3.2. Channel usage patterns

The codebase does not use channels for its core logic. Therefore, there are no channel-related concurrency patterns to audit.

3.3. Mutex/RWMutex usage

The only mutex in the audited code is the sync.RWMutex within PeerAnalytics.

  • PeerAnalytics: The usage is correct. A read lock is used for read-only operations (GetAllPeerStats, GetPeerStats), and a full lock is used only for the short duration of initializing a new peer's metrics. This is an effective and safe use of RWMutex.

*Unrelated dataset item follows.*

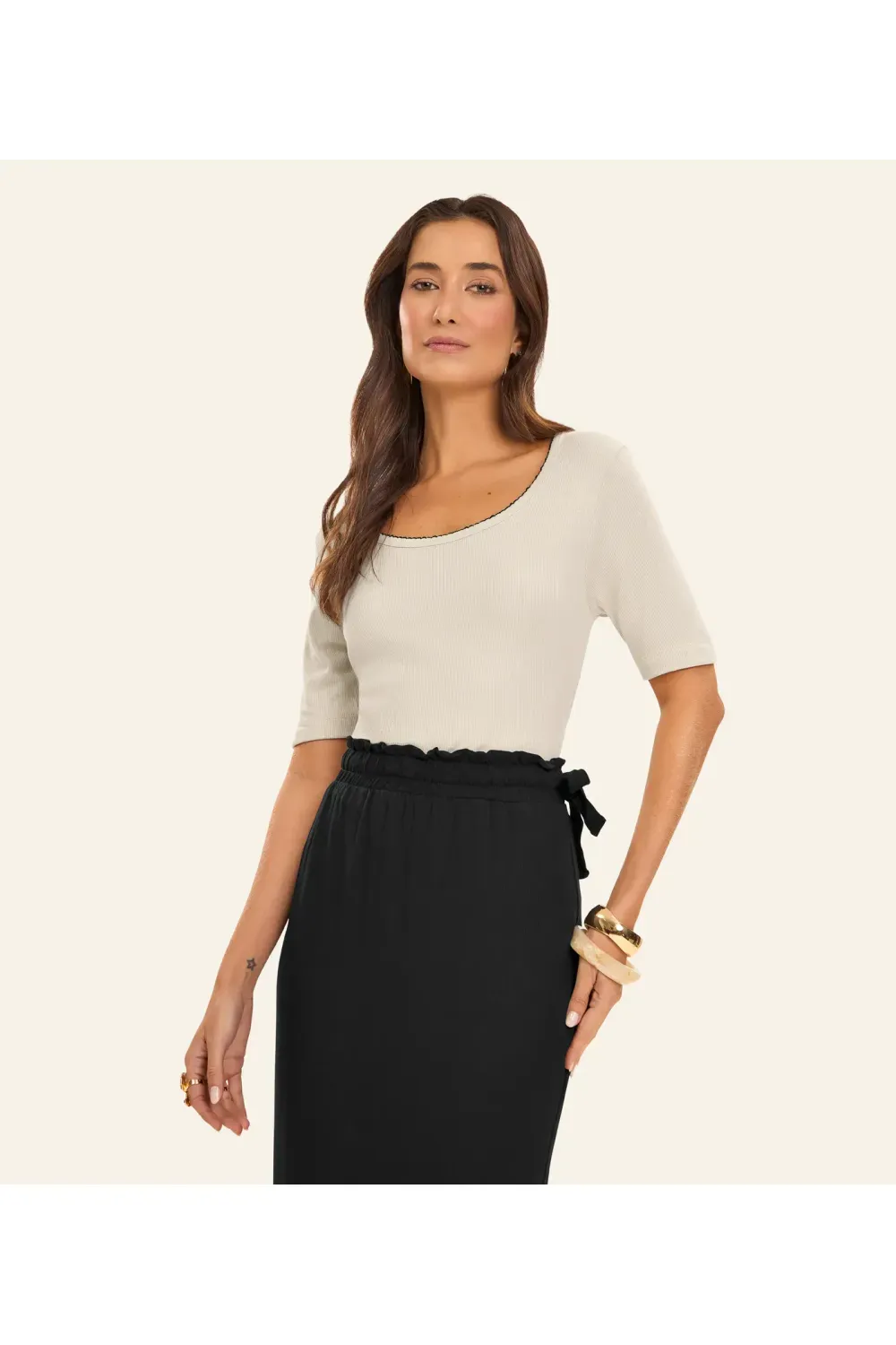 Blusa Feminina Ribana de Viscose Rovitex Bege

3.4. Context cancellation handling

  • dns_tools.go: The DNSLookupWithTimeout and DNSLookupAllWithTimeout functions correctly use context.WithTimeout to create a context that is passed to the network calls (resolver.Lookup...). This ensures that DNS queries do not block indefinitely and can be safely cancelled if they exceed the specified timeout. This is a proper and robust implementation of context handling.

3.5. WebAssembly (WASM) Interface

  • wasm/main.go: The WASM module exposes functions to a JavaScript environment. The JavaScript event loop is single-threaded, meaning that calls into the WASM module from JS will be serial. The Go code in wasm/main.go does not spawn any new goroutines. The treeRegistry is a global map, but because all access to it is driven by the single-threaded JS environment, there is no risk of concurrent map access. The WASM boundary, in this case, does not introduce concurrency risks.

4. Recommendations

  1. KDTree Synchronization: End-users of the library must be reminded that KDTree instances are not thread-safe. When sharing a KDTree between goroutines, any methods that modify the tree (Insert, DeleteByID) must be protected by a mutex. For read-heavy workloads, it is safe to share an immutable KDTree across multiple goroutines without a lock.
  2. Documentation: The existing documentation comment on KDTree is excellent. This warning should be maintained and highlighted in user-facing documentation.
  3. No Changes Required: The existing concurrency controls in TreeAnalytics and PeerAnalytics are robust and do not require changes. The use of context in the DNS tools is also correct. No vulnerabilities were found.